Every morning we passed a very large turning basin where three canals join.
Evenings in Mons
There were some cafés on the semi-circular square where the original train station had stood. And some day, the new one will stand. The evening after the first day of class I got no further than here. This was across the train station complex from my hotel.
Other evenings I would go to the old town square. I was in Mons, I should take advantage of that!
The archway passing through the Town Hall contains a number of commemorative plaques. The first one below commemorates the Canadian Corps recapturing Mons on 11 November 1918 after 50 months of German occupation. As it says:
The Battle of Mons was fought here in late August 1914, it was the first World War I battle fought by the British Army. They were forced to retreat, Germany seized the town, and held it through the entire war. From Britain's point of view, the very first and very last shots of World War I were fired in Mons.
The last one above starts:
ERECTED BY THE 5th ROYAL IRISH LANCERS TO THE MEMORY OF THE FOLLOWING COMRADES WHO FELL IN THE CAUSE OF THE ALLIED DURING THE GREAT WAR 1914–1918.
Then at the bottom, in French, it says that the regiment took part in the fighting near Mons, in the retreats in the month of August 1914, and in the victorious return for the armistice day of 11 November 1918.
The first one below commemorates people from Mons and the surrounding area killed when the Germans moved in at the start of World War I.
The last of the large memorials is to "Our Pioneers" of 1876–1908, Belgians killed before the Belgian colony of Congo was formally established in 1908.
Just below that is a plaque in memory of those killed and injured in the fight for independence of the Congo, especially Patrice Emery Lumumba, the first Prime Minister of an independent Congo, assassinated 17 January 1961, with his companions Maurice Mpolo and Joseph Okito.
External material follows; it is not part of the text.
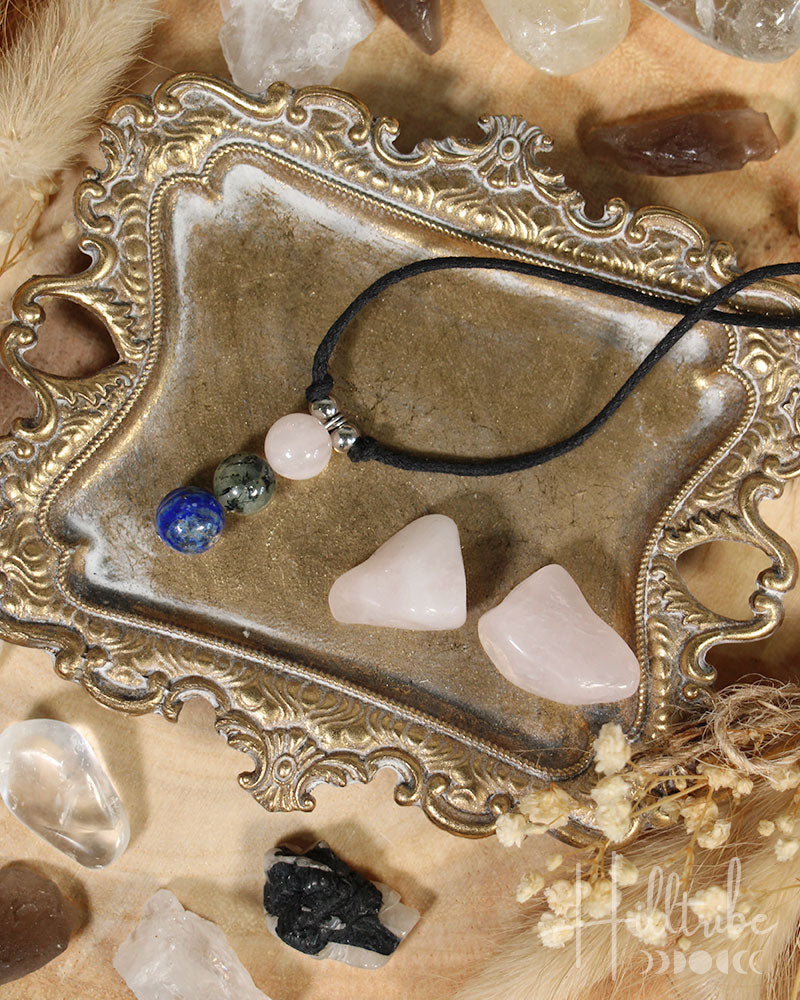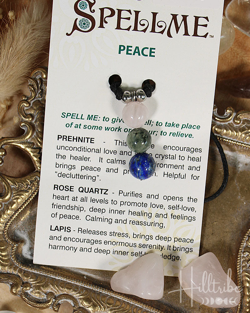 Indulge in the serene and peaceful vibes of our Spell Me Peace Adjustable Necklace. Made with Prehnite, Rose Quartz, and Lapis Lazuli crystals, this necklace promotes unconditional love, inner healing, and deep peace. Perfect for healing and finding inner harmony.

And just below that is a plaque explaining that monuments to Belgian colonists in the Congo appeared in many Belgian communities between the two World Wars. And that attitudes since then have shifted, these pro-colonialization memorials are artifacts of their time, and now the emphasis is and should be on those on the side of Congo independence.Detective Novels in France
Heavy stuff. It's time to get dinner, and then retire to a nearby bar for a Leffe and some French practice.
Returning to Brussels
Once the class was over, I was going to Paris for a week. High-speed Thalys trains between Brussels and Paris no longer stop in Mons. It wasn't profitable for the Belgian railway. So, it was 60 km from Mons back to Brussels, and then a Thalys 240 km from there to Paris.
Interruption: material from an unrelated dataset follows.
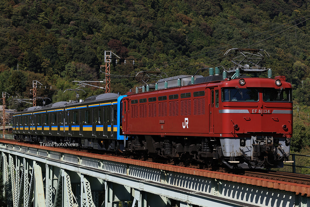 2023年10月23日 2023/10/23運転 鶴見線用E131系T3編成配給 配9730レ EF81-134+E131系3B配9730レ EF81-134+E131系3B配9644レ EF81-134+E131系3B10月23日、鎌倉車両センター中原支所のE131系3両(鶴見線用T3編成)が総合車両製作所新津事業所を出場し、越後石山~長岡~大宮~府中本町~新鶴見信号場~鶴見~国府津間で配給輸送された。全区間で新潟車両センターのEF81-134が牽引した。 タグ :#JR東日本 カテゴリなしの他の記事 < 前の記事次の記事 >

Here's the list of trains leaving Mons in the next 100 minutes. Any train listing Bruxelles-Central will take us to the Bruxelles-Midi (or Brussels South) station, the main station. The 17:22 one is à quai, at the platform, ready for boarding.
Below is the paper version. I'm taking the 17:22 train, the IC 3717.
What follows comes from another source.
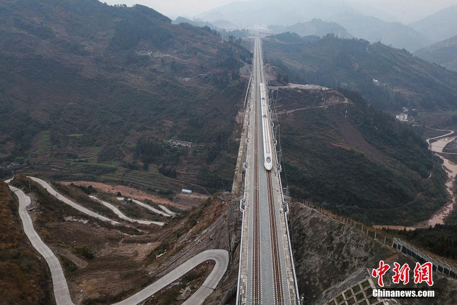 1月16日,一列动车从渝贵铁路夜郎河特大桥桥面驶过。

Here's my ride. There's a two-level train like this every half hour, in each direction.
Mons may have economic problems, but it makes where I live in the U.S., with crumbling to non-existent infrastructure, look pitiful. Only three trains a week, and the supposed express highway is filled with holes the size of shoeboxes.
Yes, this is it. Let's get in.
I have arrived in Brussels! The main Bruxelles-Midi station includes some relevant Tintin artwork.
From Brussels to Paris
Now to buy a Thalys ticket for Paris. There are both Belgian Thalys and French TGV high-speed trains here.
Here's my train to Paris Gare du Nord.
We have arrived! This is the Gare du Nord station in Paris.